* [Work instruction] Once you find the line below that has "- Unique Design: Handmade", output it and every line after it exactly, stopping after the line that has "El artista francés, Paulo", with no pictures.

* [Source material]
=====
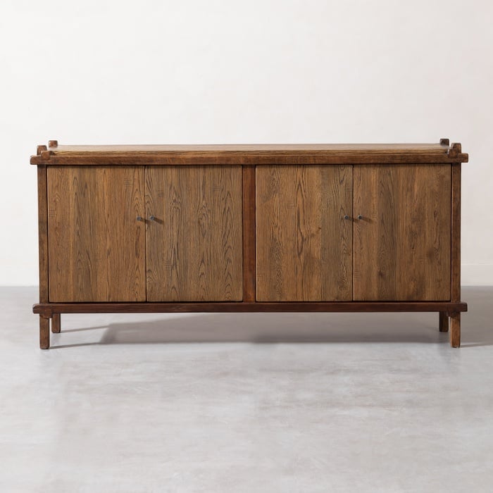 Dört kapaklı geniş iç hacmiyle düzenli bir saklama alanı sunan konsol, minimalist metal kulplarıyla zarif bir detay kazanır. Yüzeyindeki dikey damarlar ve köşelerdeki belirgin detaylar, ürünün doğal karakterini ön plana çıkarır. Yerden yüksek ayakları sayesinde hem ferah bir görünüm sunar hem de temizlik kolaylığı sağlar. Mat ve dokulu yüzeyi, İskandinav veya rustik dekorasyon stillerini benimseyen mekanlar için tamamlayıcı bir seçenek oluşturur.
=====
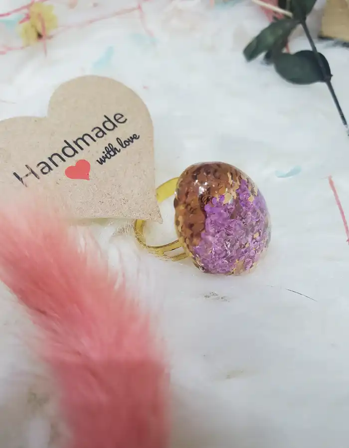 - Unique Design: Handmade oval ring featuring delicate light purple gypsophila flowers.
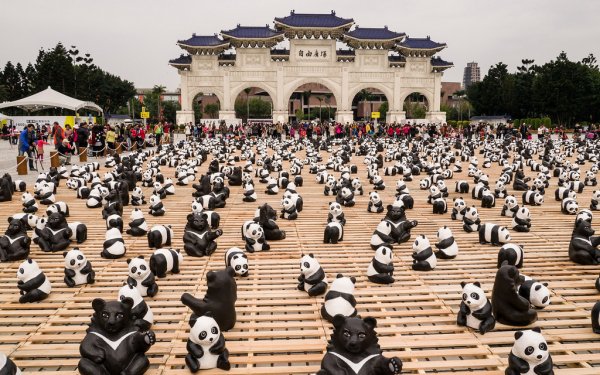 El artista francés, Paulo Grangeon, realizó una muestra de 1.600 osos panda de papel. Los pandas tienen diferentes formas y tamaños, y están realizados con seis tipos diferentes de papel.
=====
* [Completed task]
 - Unique Design: Handmade oval ring featuring delicate light purple gypsophila flowers.
 El artista francés, Paulo Grangeon, realizó una muestra de 1.600 osos panda de papel. Los pandas tienen diferentes formas y tamaños, y están realizados con seis tipos diferentes de papel.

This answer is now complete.